The Geary Boulevard DeLano's IGA Market location in San Francisco's Outer Richmond District is likely too close in proximity to the 32nd Avenue & Clement Street Fresh & Easy store opening early next year for both stores to do well, in our analysis. One store would probably cannibalize sales of the other, which is something that's been happening with some of the Fresh & Easy stores that are located too close to each other in Southern California, Arizona and Nevada.

The Mission District DeLano's store offers some potential for Tesco's Fresh & Easy.
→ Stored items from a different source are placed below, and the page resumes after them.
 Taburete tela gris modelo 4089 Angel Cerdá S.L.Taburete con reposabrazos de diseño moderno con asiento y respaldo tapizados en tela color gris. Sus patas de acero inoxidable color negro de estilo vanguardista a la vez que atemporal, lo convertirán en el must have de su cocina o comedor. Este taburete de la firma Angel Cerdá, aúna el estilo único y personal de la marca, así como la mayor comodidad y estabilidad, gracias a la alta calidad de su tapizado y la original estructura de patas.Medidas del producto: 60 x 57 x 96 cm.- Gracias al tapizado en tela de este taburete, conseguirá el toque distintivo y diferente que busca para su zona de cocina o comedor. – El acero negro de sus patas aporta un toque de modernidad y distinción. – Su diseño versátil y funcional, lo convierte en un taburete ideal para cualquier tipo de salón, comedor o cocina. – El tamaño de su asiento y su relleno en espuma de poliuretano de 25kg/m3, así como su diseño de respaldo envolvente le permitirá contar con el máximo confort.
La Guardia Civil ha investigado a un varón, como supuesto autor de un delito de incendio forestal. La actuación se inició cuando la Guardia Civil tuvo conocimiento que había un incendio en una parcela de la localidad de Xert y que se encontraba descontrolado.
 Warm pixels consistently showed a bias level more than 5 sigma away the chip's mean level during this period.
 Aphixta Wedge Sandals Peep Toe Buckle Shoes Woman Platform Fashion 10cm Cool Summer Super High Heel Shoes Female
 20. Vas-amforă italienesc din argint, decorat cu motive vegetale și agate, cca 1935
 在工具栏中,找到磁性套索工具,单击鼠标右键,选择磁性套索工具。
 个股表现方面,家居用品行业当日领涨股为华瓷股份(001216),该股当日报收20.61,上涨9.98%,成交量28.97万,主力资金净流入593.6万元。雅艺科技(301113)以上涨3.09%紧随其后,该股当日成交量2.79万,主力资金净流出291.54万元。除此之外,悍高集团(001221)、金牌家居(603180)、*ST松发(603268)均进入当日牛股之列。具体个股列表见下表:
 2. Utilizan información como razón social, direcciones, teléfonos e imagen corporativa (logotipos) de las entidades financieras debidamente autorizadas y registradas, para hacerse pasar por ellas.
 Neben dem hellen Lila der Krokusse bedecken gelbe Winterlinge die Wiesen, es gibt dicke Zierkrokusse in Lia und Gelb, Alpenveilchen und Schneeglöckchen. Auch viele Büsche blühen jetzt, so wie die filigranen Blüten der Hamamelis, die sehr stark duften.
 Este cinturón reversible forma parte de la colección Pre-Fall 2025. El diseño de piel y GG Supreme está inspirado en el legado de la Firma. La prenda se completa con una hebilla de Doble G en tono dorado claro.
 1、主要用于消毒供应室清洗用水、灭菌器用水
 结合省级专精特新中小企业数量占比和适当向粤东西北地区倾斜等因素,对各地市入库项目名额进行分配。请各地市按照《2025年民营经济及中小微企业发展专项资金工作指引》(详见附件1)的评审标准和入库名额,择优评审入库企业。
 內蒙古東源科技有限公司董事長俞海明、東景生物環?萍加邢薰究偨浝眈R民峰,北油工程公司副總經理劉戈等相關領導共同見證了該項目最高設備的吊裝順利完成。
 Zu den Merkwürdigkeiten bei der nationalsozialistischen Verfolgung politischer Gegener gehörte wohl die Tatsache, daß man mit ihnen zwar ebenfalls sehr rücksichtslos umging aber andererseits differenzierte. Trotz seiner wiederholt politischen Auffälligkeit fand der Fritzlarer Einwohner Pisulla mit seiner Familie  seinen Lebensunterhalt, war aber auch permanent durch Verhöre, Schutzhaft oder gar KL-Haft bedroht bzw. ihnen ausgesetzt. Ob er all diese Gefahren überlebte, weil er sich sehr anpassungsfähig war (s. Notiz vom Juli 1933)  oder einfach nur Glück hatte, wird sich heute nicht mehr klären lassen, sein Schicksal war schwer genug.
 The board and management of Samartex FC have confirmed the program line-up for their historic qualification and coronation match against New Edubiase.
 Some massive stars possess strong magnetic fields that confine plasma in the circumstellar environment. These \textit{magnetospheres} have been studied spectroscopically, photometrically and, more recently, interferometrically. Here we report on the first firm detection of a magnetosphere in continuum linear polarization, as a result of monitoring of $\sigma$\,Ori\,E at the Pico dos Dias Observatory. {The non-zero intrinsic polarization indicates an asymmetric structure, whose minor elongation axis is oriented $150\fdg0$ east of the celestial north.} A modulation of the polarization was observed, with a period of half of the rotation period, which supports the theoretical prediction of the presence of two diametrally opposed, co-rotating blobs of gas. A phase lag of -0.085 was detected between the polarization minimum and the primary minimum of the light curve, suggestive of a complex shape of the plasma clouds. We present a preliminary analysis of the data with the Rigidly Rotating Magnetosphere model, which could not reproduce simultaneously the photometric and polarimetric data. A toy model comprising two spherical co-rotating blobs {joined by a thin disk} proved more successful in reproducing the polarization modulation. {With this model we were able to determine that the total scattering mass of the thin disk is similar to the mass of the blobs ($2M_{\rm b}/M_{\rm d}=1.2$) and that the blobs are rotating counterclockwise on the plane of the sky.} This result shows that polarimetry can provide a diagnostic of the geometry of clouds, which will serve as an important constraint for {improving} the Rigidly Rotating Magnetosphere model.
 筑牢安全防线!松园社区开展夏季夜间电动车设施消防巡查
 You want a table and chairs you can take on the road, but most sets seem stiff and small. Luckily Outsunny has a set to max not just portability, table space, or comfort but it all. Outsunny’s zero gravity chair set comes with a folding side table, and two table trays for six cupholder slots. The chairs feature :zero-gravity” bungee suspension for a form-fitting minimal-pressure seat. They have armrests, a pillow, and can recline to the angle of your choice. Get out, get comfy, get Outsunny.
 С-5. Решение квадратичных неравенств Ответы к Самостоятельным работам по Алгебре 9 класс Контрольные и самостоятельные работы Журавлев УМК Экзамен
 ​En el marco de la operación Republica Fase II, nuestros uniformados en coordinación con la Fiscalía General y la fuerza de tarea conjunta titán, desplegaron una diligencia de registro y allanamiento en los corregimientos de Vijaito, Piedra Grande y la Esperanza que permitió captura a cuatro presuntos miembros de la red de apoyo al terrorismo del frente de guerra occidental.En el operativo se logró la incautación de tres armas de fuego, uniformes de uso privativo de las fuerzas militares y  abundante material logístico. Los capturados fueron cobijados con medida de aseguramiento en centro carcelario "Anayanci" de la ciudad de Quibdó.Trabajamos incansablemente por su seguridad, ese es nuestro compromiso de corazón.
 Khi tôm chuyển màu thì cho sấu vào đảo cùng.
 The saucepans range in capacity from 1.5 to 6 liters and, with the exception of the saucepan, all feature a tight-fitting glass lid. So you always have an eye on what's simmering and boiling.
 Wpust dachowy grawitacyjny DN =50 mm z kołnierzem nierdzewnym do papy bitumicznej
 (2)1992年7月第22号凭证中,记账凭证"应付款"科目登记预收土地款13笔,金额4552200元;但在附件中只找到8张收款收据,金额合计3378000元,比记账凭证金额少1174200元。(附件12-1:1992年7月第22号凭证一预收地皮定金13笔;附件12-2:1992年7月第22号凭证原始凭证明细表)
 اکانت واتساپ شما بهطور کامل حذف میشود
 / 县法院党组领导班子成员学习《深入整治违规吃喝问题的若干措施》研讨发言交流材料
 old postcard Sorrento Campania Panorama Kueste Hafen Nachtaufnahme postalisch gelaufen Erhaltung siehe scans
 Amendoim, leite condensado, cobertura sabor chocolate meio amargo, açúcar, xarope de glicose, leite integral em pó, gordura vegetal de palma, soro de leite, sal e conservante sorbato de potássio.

However, based on a number of factors, it's our analysis the location would be a real uphill struggle for the Fresh & Easy format."

Not long after we published the November 30, 2010 piece, commercial real estate sources told us representatives of Tesco's Fresh & Easy Neighborhood Market were inquiring about leasing the vacant building for a Fresh & Easy store. The grocer's talks with the vacant building's landlord, Joanne Wong-Lam, have progressed since then.

A Tesco source has also confirmed the existence of the talks for Fresh & Easy Buzz.

Fresh & Easy Neighborhood Market currently has plans to open three stores in San Francisco at: Third Street & Carroll; 32nd & Clement; and Silver Avenue & Goettingen.

As we've previously reported, based on our current information, the Third Street & Carroll (5800 Third Street) and 32nd & Clement Fresh & Easy stores will open in early summer 2011 - May or June. [See - December 14, 2010: Fresh & Easy Neighborhood Market to Open 5800 Third Street 'Flagship' Store in San Francisco Later in 2011 Than Originally Announced.]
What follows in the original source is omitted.